Note that since the Myrinet upgrade on February 5, 2004, the following directions may seem a little over the top, given that there are now only 3 gigabit nodes now. Chalk this up to management's desire to minimize the amount of .html modifcations needed.
Also note that, particularly until the WestGrid UBC/TRIUMF cluster is back on-line and stable, users should feel free to submit a reasonable number of serial jobs via the Myrinet batch queue as described in this PAGE.
As is the case with the old cluster, there are no system-imposed limits to how many processors a single user can use at a given time, but users are expected to be aware of and considerate of the needs of other users, and management reserves the right to impose restrictions should contention for resources become severe.
your-workstation% ssh [email protected]Once you have logged in, use the avail command (see HERE for full usage information) to list the gig nodes in order of increasing load factor (i.e. from least to most busy):
head% avail node055 0.00 0.00 0.00 node056 0.00 0.00 0.00 node057 0.00 0.00 0.00Note that it will take a few seconds for the avail command to complete, as it must connect to all of the gig nodes and execute the uptime command on each. The three columns of numbers listed by avail are the 1-, 5- and 15-minute load averages on the respective gig nodes. Roughly speaking, we can interpret the load average as the number of CPU intensive jobs that are currently running on the machine. Thus, a load average of 0.00 means that the machine is idle, while load averages of 1.00 and 2.00 indicate that one or two jobs, respectively, are running on the node. Since each node has two processors, a load average of 2.00 means that the node is essentially completely saturated.

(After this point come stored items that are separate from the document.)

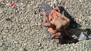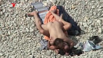 Voyeur Beach. A well-proportioned teenager having sex on a public beach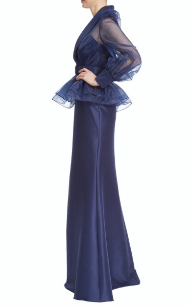 セール!Badgley Mischka オーガンジーペプラムドレス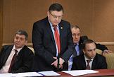 Председатель Комитета Государственной Дума России по гражданскому, уголовному, арбитражному и процессуальному законодательству Павел Крашенинников (слева) и лидер Либерально-демократической партии России (ЛДПР), член комитета Государственной думы России по обороне Владимир Жириновский (в центре) на заседании Госдумы.
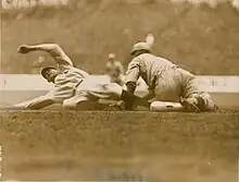 ![]() Aaron Ward getting tagged out at 3rd during the first game at Yankee Stadium. | |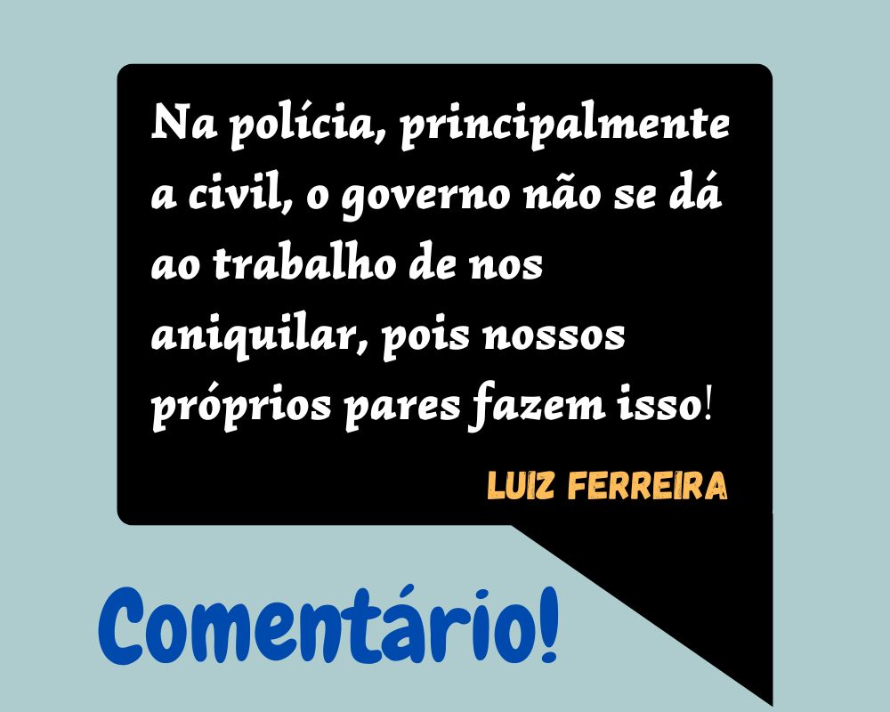 Veja em outras categorias, saúde, educação, fazenda, etc, todos se unem em pró da classe, mas na polícia, principalmente a civil, o governo não se dá ao trabalho de nos aniquilar, pois nossos próprios pares fazem isso. E fazem por migalhas de um cargo, de um salário diferenciado, se vendem, Judas o iscariotes é criança diante de alguns desgraçados (as), que pensam apenas em si, mas esquecem que um dia a morte vai destruir toda as suas traições, as suas arrogâncias, prepotências.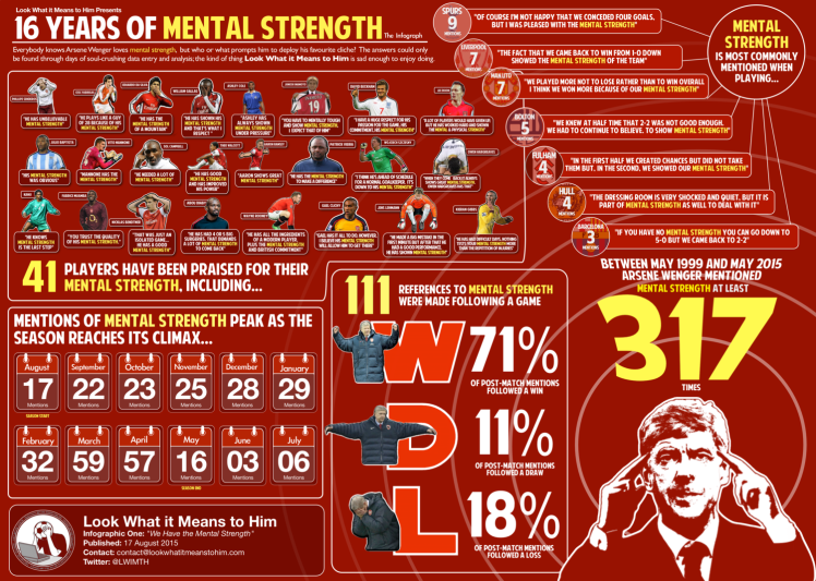 Namun yang mengejutkan, Wenger ternyata punya satu alasan atau frase yang sering ia gunakan dalam menjawab pertanyaan media. Frase yang dimaksud adalah 'kekuatan mental' dan sebuah infografis yang diunggah Metro belum lama ini mengklaim bahwa alasan itu sudah pernah digunakan sang profesor sebanyak 317 kali, antara 1999 hingga 2015.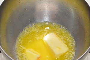 Оставшееся масло разрезаем на кубики, отправляем их в небольшой сотейник, ставим на средний огонь и растапливаем до жидкой консистенции, постоянно помешивая столовой ложкой, чтобы не пригорал. Затем при помощи кухонного полотенца переставляем его ближе к приоткрытому окошку и остужаем жидкий жир до комнатной температуры.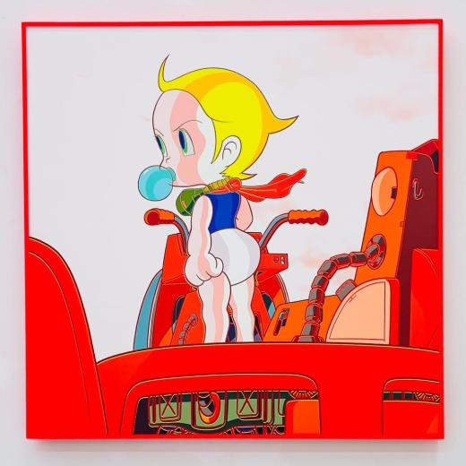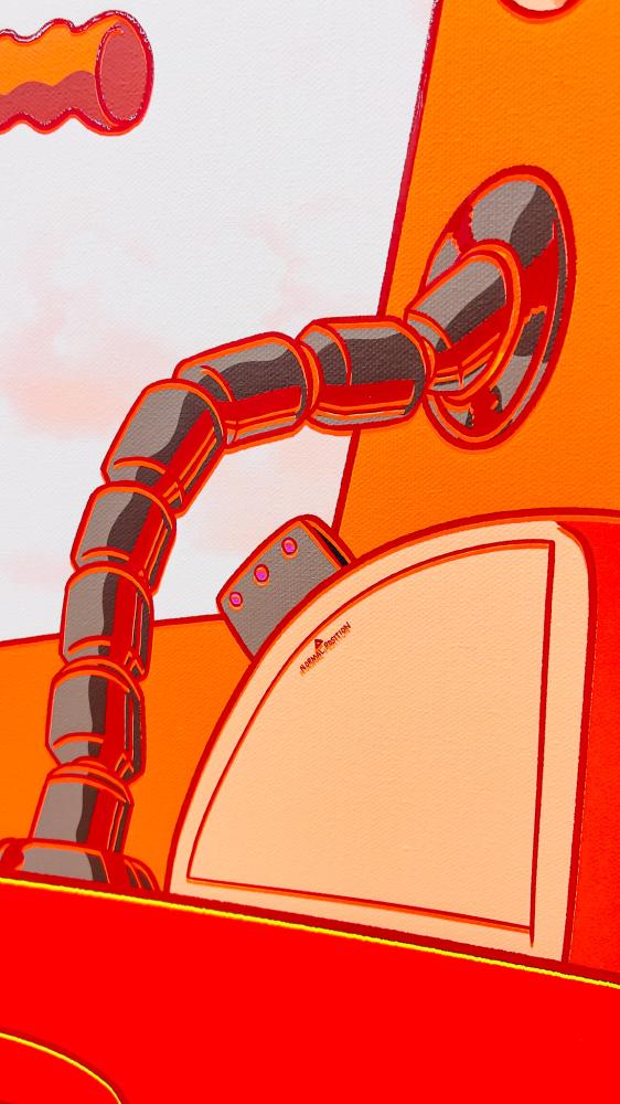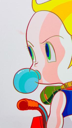 キャンバスにインクジェットプリント、部分グロス加工、部分ネオンカラー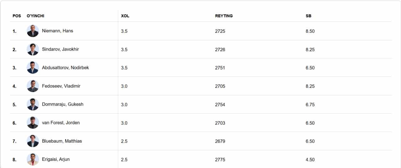 Musobaqa jadvalidagi vaziyat quyidagicha. Hozirda 3,5 ochko to‘plagan Hans Niemann qo‘shimcha ko‘rsatkichlar evaziga peshqadamlikni saqlab turibdi. Javohir Sindorov va Nodirbek Abdusattorov uni ta’qib qilmoqda. Eslatib o‘tamiz, Javohir avvalgi turlarda amaldagi jahon chempioni Gukesh Dommaraju va niderlandiyalik Anish Giri bilan durang o‘ynagan, 4-turda esa germaniyalik raqibini mag‘lub etgandi.
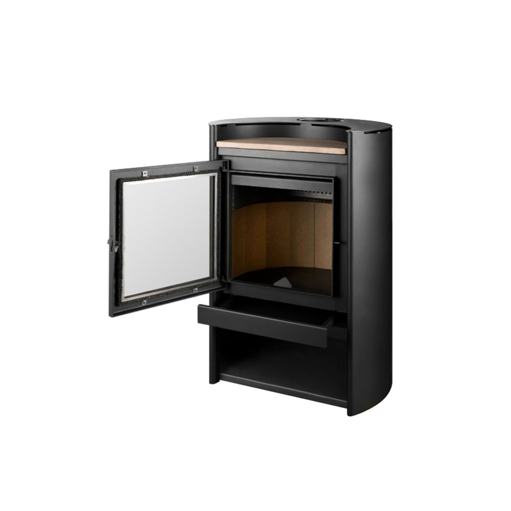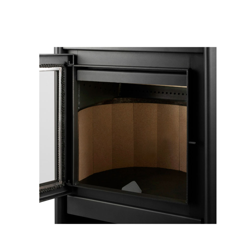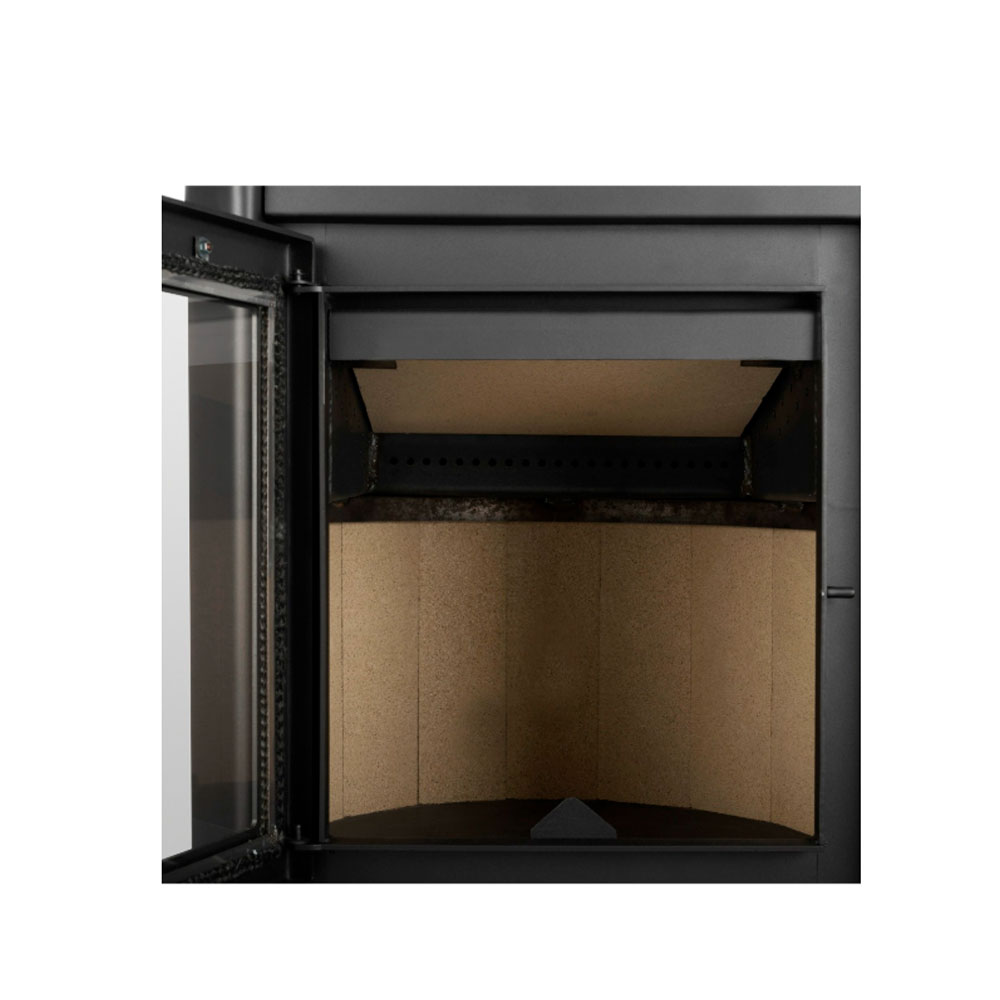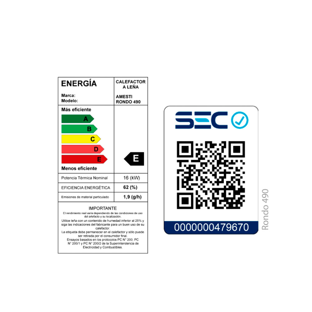 A diferencia de otras chimeneas tradicionales Estufa a leña Rondo 490 Amesti cuenta con una cámara de combustión optimizada para el uso dentro del hogar, con una puerta que impide que el humo se filtre fuera de la estufa. Cuenta con un cristal cerámico resistente al calor que permite ver la llama de forma segura, al mismo tiempo que ayuda a crear una atmósfera agradable y elegante.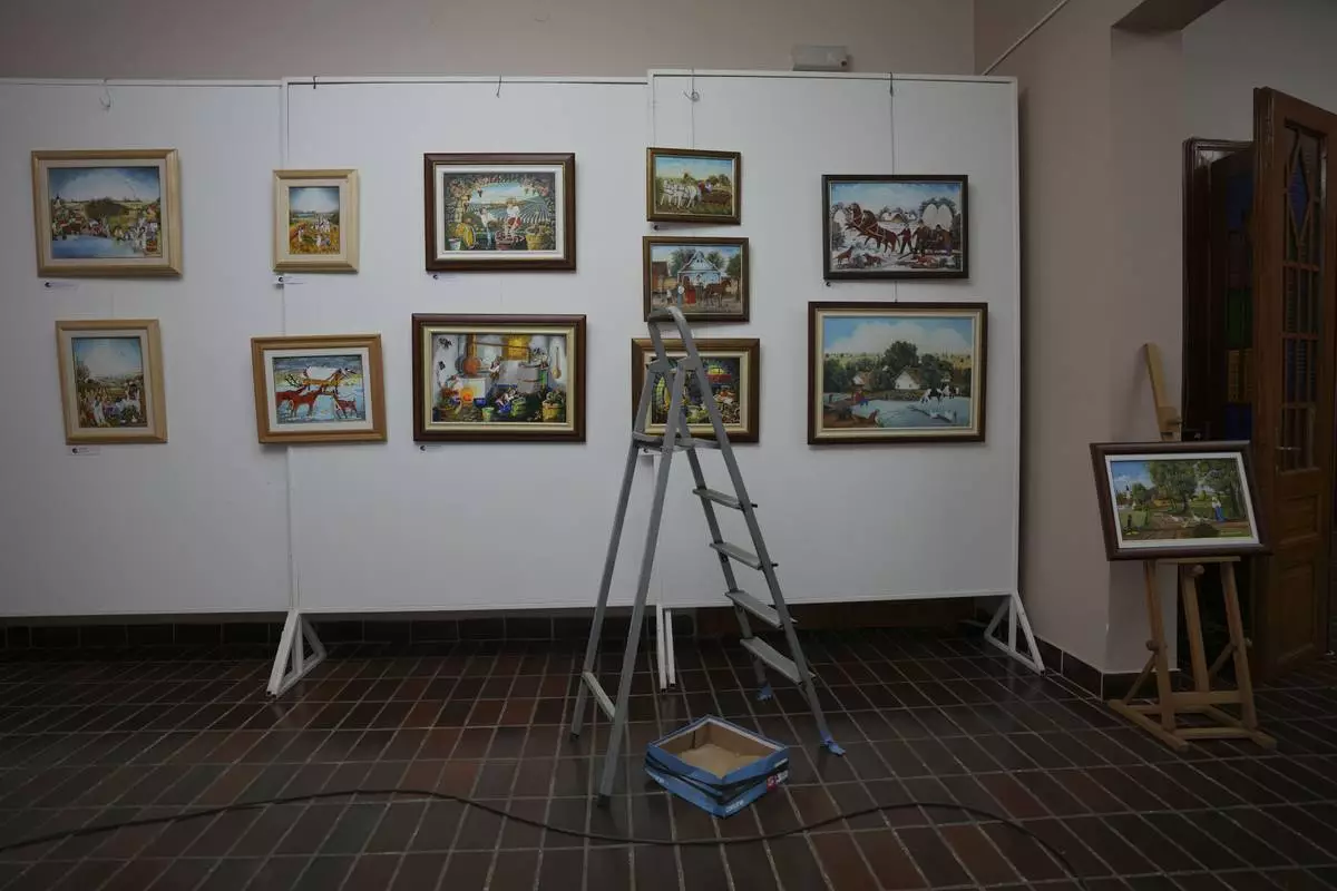 Various paintings in the Gallery of naive art in the village of Kovacica, Serbia, Thursday, Nov. 28, 2024. (AP Photo/Darko Vojinovic)

You should choose the nodes on which you will run from the start of the listing produced by avail, unless all nodes have 2.00 load averages, in which case you will have to wait until one or more nodes become available. DO NOT initiate a job on a machine which already has a load average of 2.00; this will only slow down overall throughput on the cluster.
head% rsh node055Again, note that the rsh command must be executed from the head node (not e.g. from your local workstation), since the compute nodes are connected via a private local network. Once you have logged into the node, run top for a few seconds to confirm that the load average is 1.00 or less, since some other user may have recently "claimed" the node. Then, simply start up your job as you would on any Unix workstation:
node055% cd some-dir node055% some-commandNOTE: If you background the job, then subsequently log out from the node before execution of the process is complete, the job will continue to run in the background, i.e. you do not have to explicitly nohup the job.